Stored data
○ ○ ○ ○ ○ ○ ○
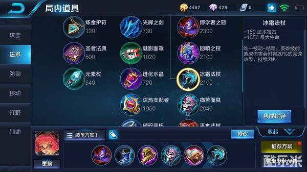 噬神之书增加法术攻击和技能冷却缩减,并增加法术吸血,在使用技能对敌方英雄或小兵造成伤害的同时还能回复血量。冰霜法杖在增加法术攻击的同时还附带减速效果,并回复大量生命值。
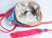 紐の先にタッセル飾り、ポーチの底部分には取り外しできるチャームのタッセル飾り
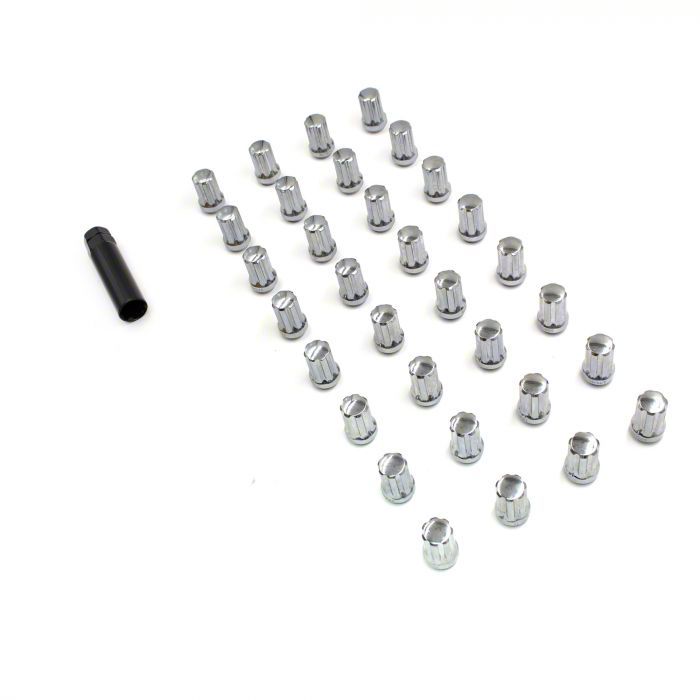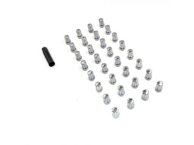 Premium-Level Chrome Lug Nut Kit. Your work truck’s wheels are only as reliable as the lug nuts that hold them in place. That’s what this Chrome 7-Spline Lug Nut Kit; 9/16-Inch; Set of 32 is engineered to provide. It features lug nuts with a narrower design to fit a range of aftermarket wheels to ensure hassle-free installation. With this lug nut kit, you can rest assured of safe driving anywhere the road may lead you.
○ ○ ○ ○ ○ ○ ○
Work instructions
Write out the listing word for word, omitting the pictures it holds.

Expected answer
 噬神之书增加法术攻击和技能冷却缩减,并增加法术吸血,在使用技能对敌方英雄或小兵造成伤害的同时还能回复血量。冰霜法杖在增加法术攻击的同时还附带减速效果,并回复大量生命值。
 紐の先にタッセル飾り、ポーチの底部分には取り外しできるチャームのタッセル飾り
 Premium-Level Chrome Lug Nut Kit. Your work truck’s wheels are only as reliable as the lug nuts that hold them in place. That’s what this Chrome 7-Spline Lug Nut Kit; 9/16-Inch; Set of 32 is engineered to provide. It features lug nuts with a narrower design to fit a range of aftermarket wheels to ensure hassle-free installation. With this lug nut kit, you can rest assured of safe driving anywhere the road may lead you.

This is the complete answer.